Scottish pathologist

David James Hamilton FRS FRSE FRCSE (6 March 1849 – 19 February 1909) was a Scottish pathologist known for his work on the diseases of sheep.

==Life==
Born on 6 March 1849 in Falkirk, he was third child and second son of the nine children of George Hamilton, M.D., medical practitioner in the town, who wrote for Chambers's Encyclopædia, and his wife, Mary Wyse, daughter of a naval surgeon. A sister Mary married on 9 February 1891 becoming the second wife of Charles Saunders Dundas, 6th Viscount Melville.

At the age of 17 Hamilton became a medical student at Edinburgh, and was drawn to pathology by William Rutherford Sanders.
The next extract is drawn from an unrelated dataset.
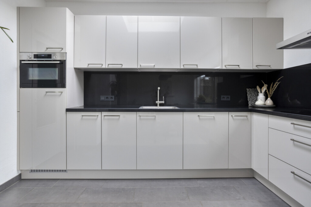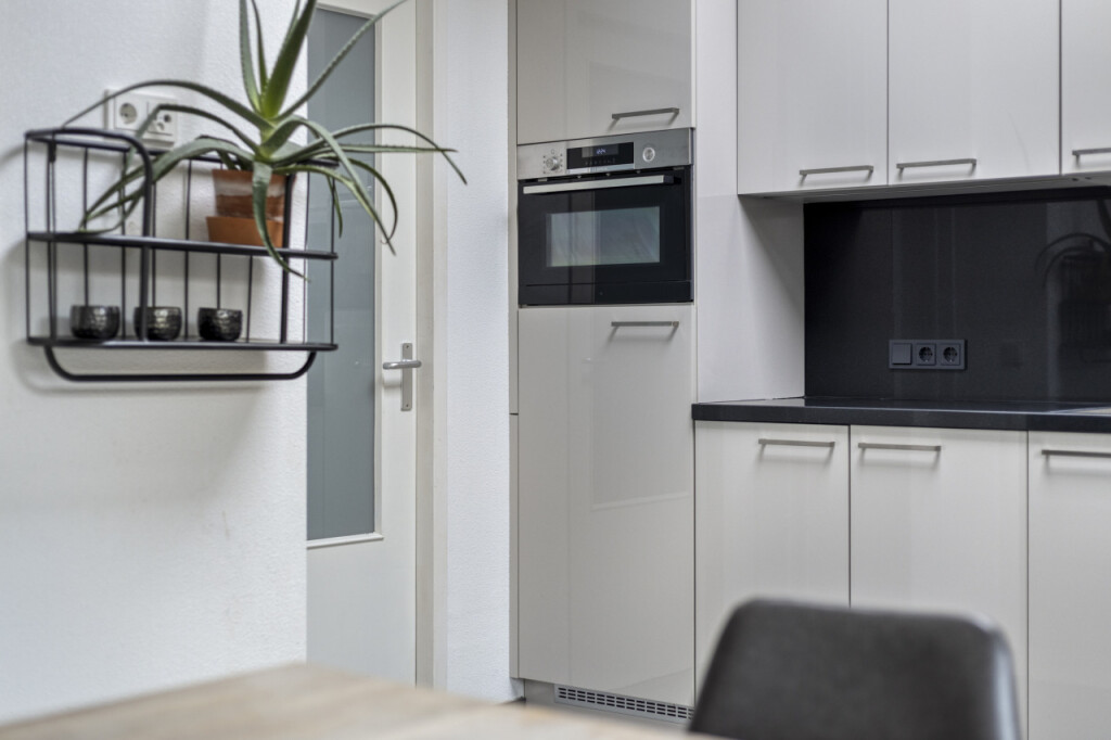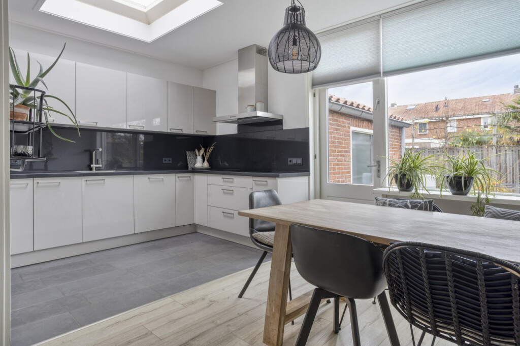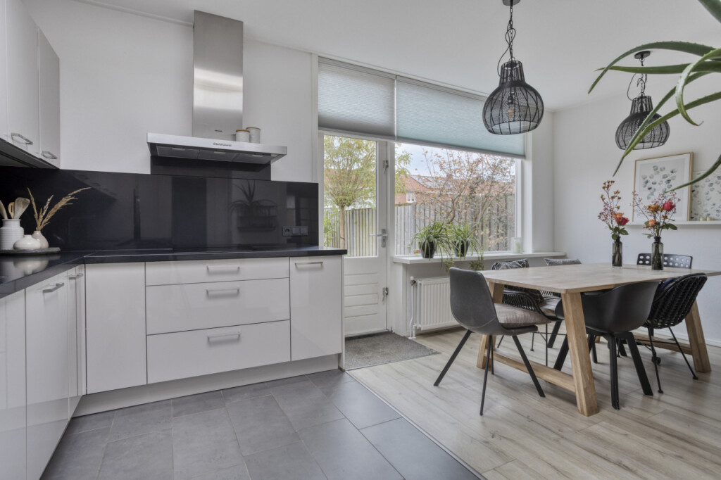 Op de begane grond kom je binnen in een nette hal die direct toegang geeft tot de trap naar boven, het toilet en de bijkeuken. Vanuit de hal stap je de woonkamer in, waar sfeervolle ensuite-deuren het leefgedeelte op een mooie manier opdelen. Aan de achterzijde ligt de open keuken, uitgevoerd in een lichte kleurstelling en voorzien van een groot raam dat uitkijkt over de tuin. Hier komt het daglicht royaal binnen en heb je tevens een deur naar buiten. Via een tweede deur bereik je de bijkeuken, ideaal voor de witgoedaansluitingen en extra bergruimte, waarna je weer terugkomt in de gang.
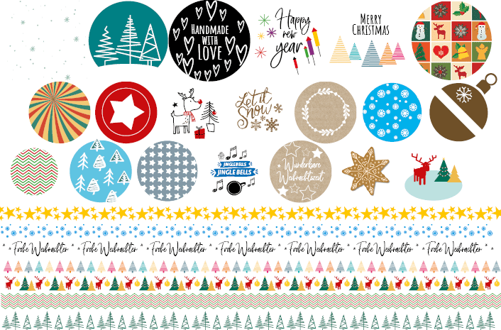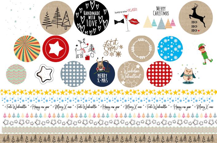 Wähle 1 von 2 Aufkleberbogen. 1 Bogen enthält 20 runde (Ø ca. 45 mm und 33 mm) und 7 lange Tapeaufkleber (297 mm Länge) zum Selbstkürzen für Bordüren um Gläser oder als Klebebandersatz. Die Motive passen super zu den Postkarten und dem Geschenkpapier.

After qualifying in 1870, he was house surgeon at the old Edinburgh Infirmary, resident medical officer at Chalmers Hospital, Edinburgh, and for two years at the Northern Hospital, Liverpool, where he wrote a prize essay on Diseases and injuries of the Spinal Cord. It enabled him to spend two years in working in pathology in Vienna, Munich, Strasbourg, and Paris.

In 1876, he returned as demonstrator of pathology to Edinburgh, and was also pathologist to the Edinburgh Royal Infirmary. During Professor Sanders's illness (1880-1) he delivered the lectures, but was passed over in the choice of his successor.

In 1882, when an extramural teacher in Edinburgh, Hamilton was appointed to the chair of pathology founded by William James Erasmus Wilson at Aberdeen. There he spent the rest of his career. He was the first to introduce the practical teaching of bacteriology into general class work. He initiated the bacteriological diagnosis of diphtheria and typhoid fever in the north of Scotland.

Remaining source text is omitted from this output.